Mothers would hand a stranger her baby and a bottle, trusting them completely to feed her child while nursing another.
“You’re quite right,” says Gage. “They were so together.”
Migs recalled trips to London’s Victoria Station where he followed suit when people climbed under trolleys as the unmanned bombs were heard approaching. “Then everybody just got up and carried on.”
Dr. Michael Cooper wound up doing cleanup after the war, shipping people home again with the Indian Army, in India. He and some pals went down to try and sign up at 16, but the army wouldn’t have it.
“They couldn’t take us in until we were 17 1/2… for me that happened in April of ’45 so my veteran’s service was not very long, as you can imagine,” he said.
“We went down to Kent in the Queens Royal Regiment.

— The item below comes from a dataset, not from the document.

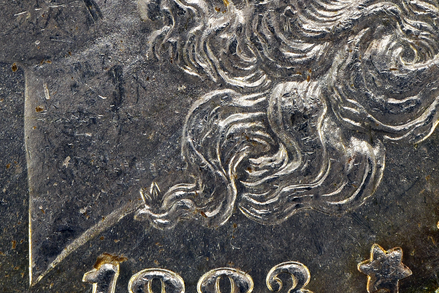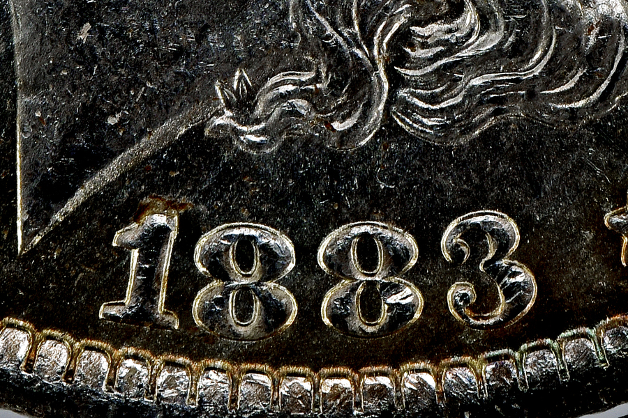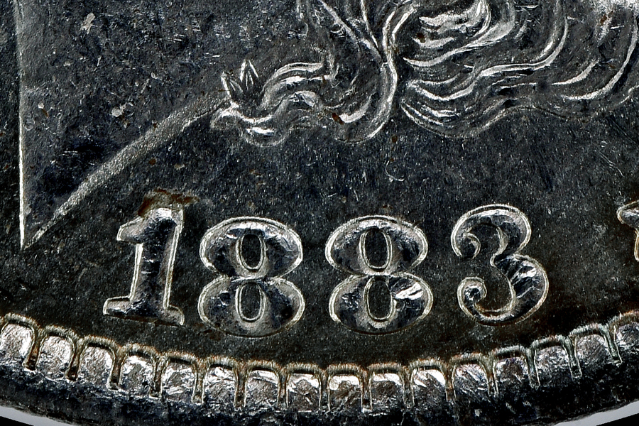 | Date doubled at flag of 1, upper left inside loop of 8s, and upper right inside loop of 3. | Mint mark tilted to the left and set centered. |

We were training jungle warfare in the south Downs of England,” he says, to a titter around the table. “They were teaching us how to react to the Japanese in Burma, because we were all going to join the Indian Army.
“They were doing the jungle warfare when victory was declared and we spent the remainder of our six months in Britain training then went to Bangalor in India.
“We spent the rest of the time in movement control in Bombay,” he said, “putting people on ships and getting the Brits back to England and bringing back the Indian Army from Europe.“The first people to be evacuated from India were placed on the ships and went in February 1946.”
He spent another two years in the military.
“I was told I could be sent anywhere in the world,” said Walter Gibson, “The way things turned out I ended up spending most of the war in Canada….Most of my service was at No. 3 Wireless School (in Winnipeg) where we taught Australian and New Zealand students in the air force.”
Today, Nov. 11, the same room at Carlton House features photos and mementos of these and other residents with tales to share. They’ll hold their own small ceremony at 11 a.m. to honour and remember those who did not come home.